Quem tem crianças observa isto quase em câmara rápida. Primeiro, os alunos do 1.º ciclo, orgulhosos, com mochilas enormes e olhos a brilhar. Depois, adolescentes que passam a usar a mochila num ombro porque as duas alças “não têm estilo”. Mais tarde, jovens adultos com mochilas de portátil que parecem escritórios portáteis. É fácil despachar o assunto com um encolher de ombros: “não deve ser assim tão grave”. Mas os números de dores nas costas em jovens têm subido ao longo dos anos. As mochilas não são o único culpado - porém são um factor diário que tratamos com uma indiferença surpreendente. E talvez aqui exista uma oportunidade discreta: não mudar o mundo, apenas apertar mais um furo na alça.

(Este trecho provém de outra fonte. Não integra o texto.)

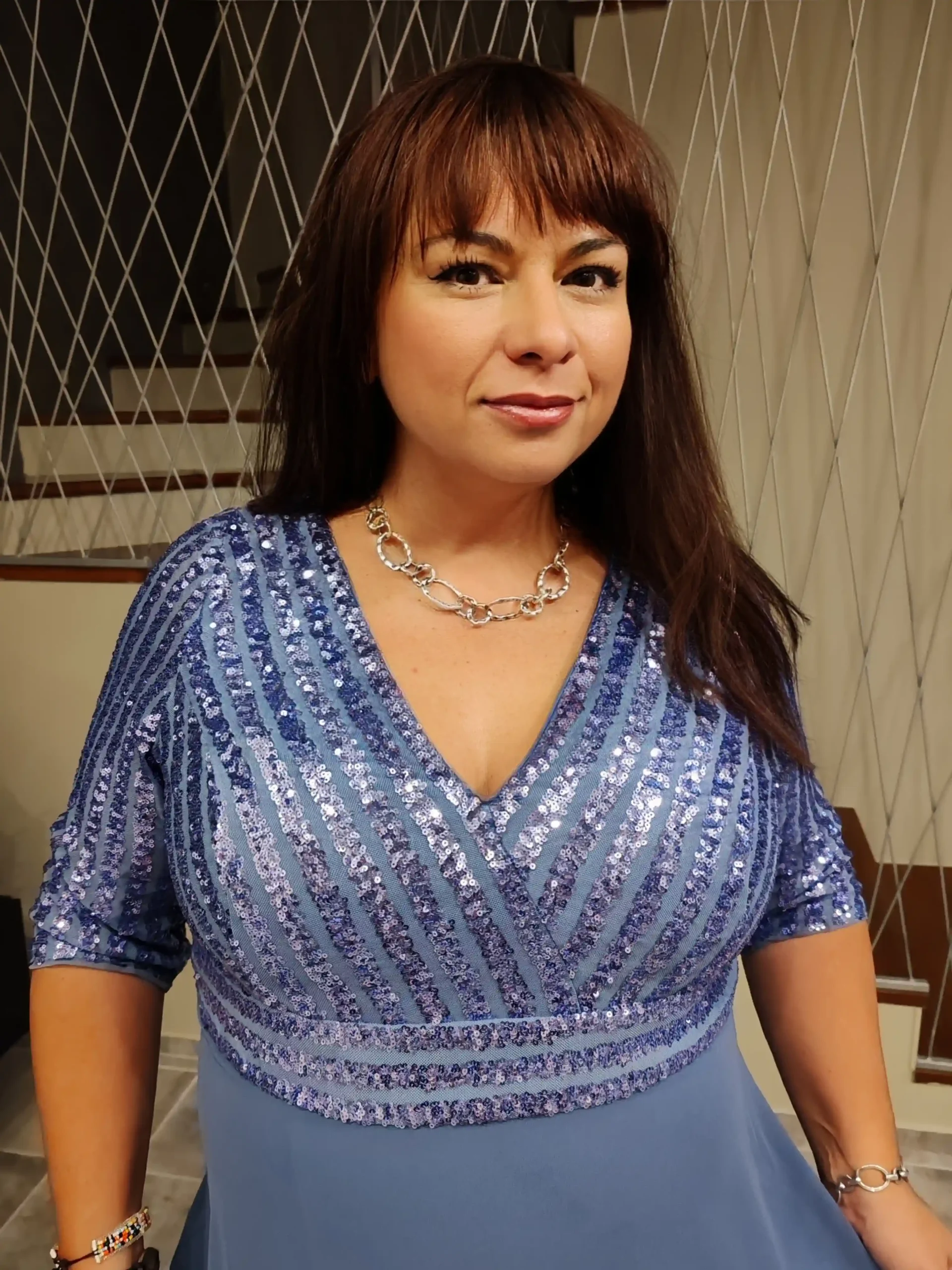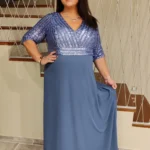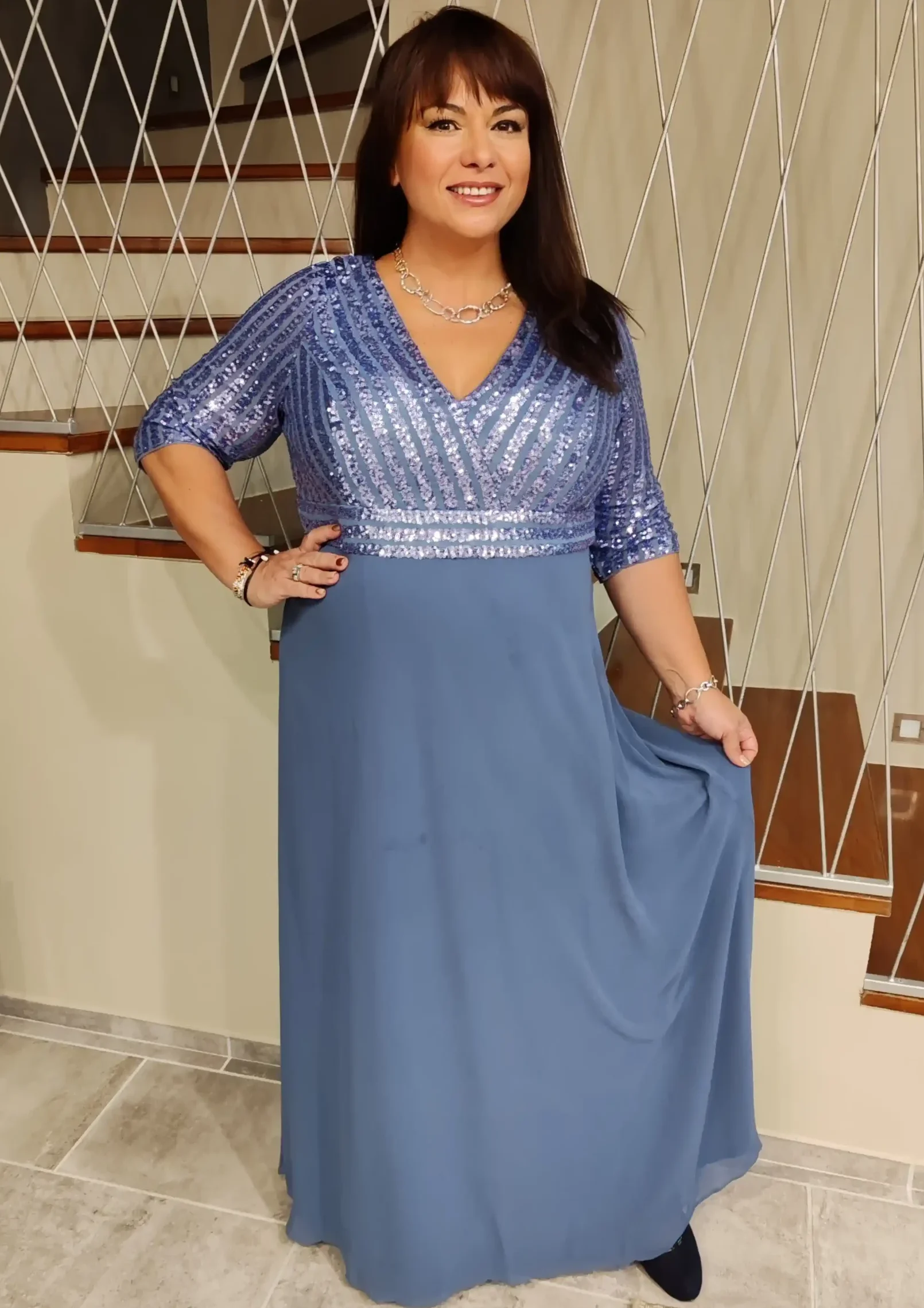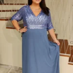 - Maxi fazonú, V – dekoltált, nagyméretű fiatalos alkalmi estélyi ruha, molett hölgyek számára.

No fim, trata-se de algo pouco espectacular: como é que queremos atravessar o dia com o nosso corpo? Com resistência em cada passo, ou com um pouco mais de cooperação? A “questão da mochila” parece banal, quase ridícula na sua pequenez. E, no entanto, aparece em todo o lado: na tensão no pescoço ao fim de um dia longo, no rodar cansado dos ombros na paragem, na consulta que “é cedo demais para este tipo de queixas”. Talvez o começo seja amanhã de manhã ficar parado mais uns segundos, pôr a mochila com atenção e sentir como assenta. E então decidir se a sua coluna vertebral é mesmo o sítio certo para a negligência por hábito.

Ponto-chave Detalhe Benefício para o leitor
Altura da mochila Base à altura da bacia, bem encostada às costas Alivia os ombros e ajuda a evitar postura em hiperlordose lombar
Distribuição do peso Colocar objectos pesados mais acima e junto às costas Reduz o puxão para trás e diminui a tensão crónica no pescoço
Uso das alças Duas alças de ombro + cinto de anca e alça peitoral, se existirem Espalha a carga pelo tronco e bacia, em vez de a concentrar nos ombros

Perguntas frequentes sobre peso, ajuste e postura com mochila

  • Pergunta 1: Qual é o peso máximo recomendado para a minha mochila?
    Como referência geral, aponte para cerca de 10% do peso corporal e, pontualmente, até 15%. Se a mochila já “parece” pesada, para o quotidiano normalmente já é pesada demais.

  • Pergunta 2: Uma mochila é mesmo melhor do que uma mala a tiracolo?
    Na maioria dos casos, sim: a mochila distribui a carga de forma simétrica pelos dois ombros e, com cinto de anca, transfere parte do peso para a bacia, em vez de sobrecarregar apenas um lado.

  • Pergunta 3: Como percebo que a mochila está mal ajustada?
    Tensão no pescoço, marcas de pressão nos ombros, sensação de que a mochila o puxa para trás ou necessidade de inclinar o tronco para a frente são sinais claros.

  • Pergunta 4: Mochilas com alça peitoral e cinto de anca são só para caminhadas?
    Não. Também ajudam no dia-a-dia, sobretudo com portáteis mais pesados ou trajectos mais longos, e aliviam de forma notória a parte superior das costas.

  • Pergunta 5: Faz diferença o modelo de mochila que compro?
    Faz. Alças almofadadas e bem ajustáveis, costas mais estruturadas e compartimentos pensados para uma boa distribuição do peso tornam muito mais fácil transportar de forma amiga das costas.